Вернувшись в комнату моей матери, я осведомился о причине столь странной перемены; увы, она ответила мне именно так, как я того и ожидал; но я со всей почтительностью настоял на своем, и портрет водворен на прежнее место.
Сегодня поутру Эдокси приезжала к нам с ответным визитом. Ее сопровождал один местный дворянин, по имени Форреоль де Монбрёз. Я еще ничего не сказал тебе об этом человеке, хотя здесь все о нем говорят. От роду ему лет тридцать шесть, не более, однако его спокойная учтивость, невозмутимая серьезность, общепризнанные высокие добродетели и строгие правила могли бы сделать честь человеку и более преклонных лет. Мне в свое время говорили о предстоящем знакомстве с ним как об одном из преимуществ моего пребывания в Турени, а между тем я не слишком искал этого знакомства. Я высоко ценю все совершенное, но в совершенных людях мне недостает того обаяния, которое способно пленить сердце, а его-то и жаждет мое сердце, ибо оно ни к чему не способно привязаться, если не чувствует любви.
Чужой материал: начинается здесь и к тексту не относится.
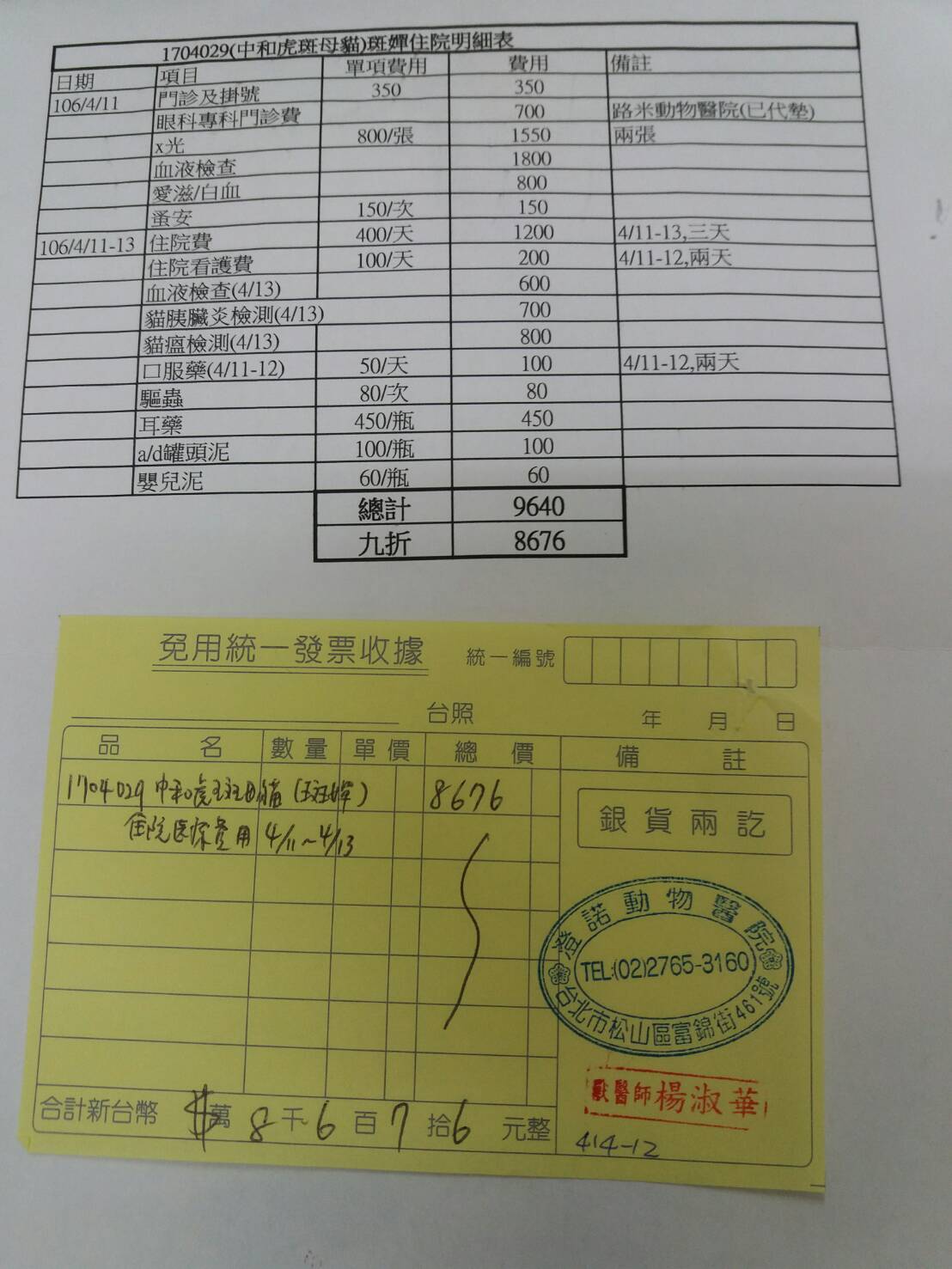 本次醫療費包含4/11掛診以及4/11-4/13住院期間所給予的醫療及照護

Ты единственный из моих друзей, обретенных в обществе (природа даровала мне другого), единственный, говорю я, заставивший меня терпеливо переносить и прощать этот прискорбный, этот несносный порок — совершенство; но в твоем совершенстве есть нечто столь естественное, столь непроизвольное и не осознанное самим тобой, оно так неотделимо от тебя, что к нему привыкаешь, сам того не замечая, и начинаешь догадываться о нем, лишь когда уже не волен быть равнодушным или не в силах забыть. Как бы ни обстояло дело с достоинствами г-на де Монбрёза, он, как говорят, имел счастье одно время занимать мысли благородной Эдокси, и эти две высокие души должны были соединиться. Однако этому помешали их расстроенные состояния. До чего прискорбно наблюдать, как семьи, испытавшие одни и те же превратности судьбы, соседи, родственники, друзья, пораженные одними и теми же впечатлениями, после революции не следуют примеру мореплавателей, выброшенных бурей на необитаемый остров, и не делают общим все то, чем они владеют. Зачем остался я таким богатым!
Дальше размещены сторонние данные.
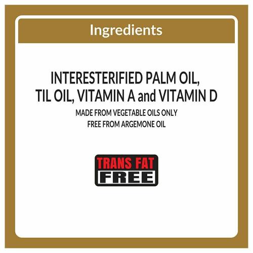 Palm oil, Palmolein Sesame Oil, Vitamin A & Vitamin D, Hydrogenated Vegetable fats.

Меня так обрадовало известие о том, что г-жа настоятельница чувствует себя уже почти совсем здоровой, что я не в силах был дождаться завтрашнего дня и захотел сразу же выразить ей свою радость. Я проводил мадемуазель Валанси в ее замок с готовностью, которую она, возможно, приписала другим причинам. Тетушка ее сидела в глубоком кресле в той части террасы, которую так приятно прогревают солнечные лучи, пробиваясь сквозь ветви сирени, нежно колеблемые ветерком. Она хотела было встать, увидев меня, но я поспешил подойти к ней, чтобы помешать этому. Мы долго и оживленно беседовали на тысячу различных тем. Она взяла с меня обещание рассказать ей о моих путешествиях, а также о моих друзьях. Я уже назвал твое имя. Она со своей стороны довольно настойчиво советовала мне продолжать знакомство с г-ном де Монбрёзом, которого, как она считает, можно упрекнуть лишь в том, что в самоотречении он заходит слишком далеко, принимая во внимание его возраст. Между тем наступил вечер, а мы все еще беседовали; только вечерняя прохлада заставила меня наконец вспомнить, что настоятельнице пора вернуться в комнаты. Одной рукой она оперлась на меня, а другой — на плечо девочки, к которой очень привязана. Она не может нахвалиться ею, называет ее своей подругой, своей маленькой благодетельницей, ангелом-спасителем в благодарность за заботу, которую та проявила, ухаживая за ней во время ее болезни; да и в самом деле, дитя это — настоящий ангел. Не помню, приходилось ли мне видеть прежде что-либо более ласкающее сердце, чем эти грациозные, нежные черты. Это одно из тех пленительных, исполненных гармонии и спокойствия лиц, на которые приятно смотреть. Видел ли ты что-нибудь подобное? Встречались ли тебе когда-нибудь эти ангельские лица, на которых запечатлено столько безмятежного счастья и чье неземное выражение словно зачаровывает других? Я дорого дал бы, чтобы ты мог увидеть это личико.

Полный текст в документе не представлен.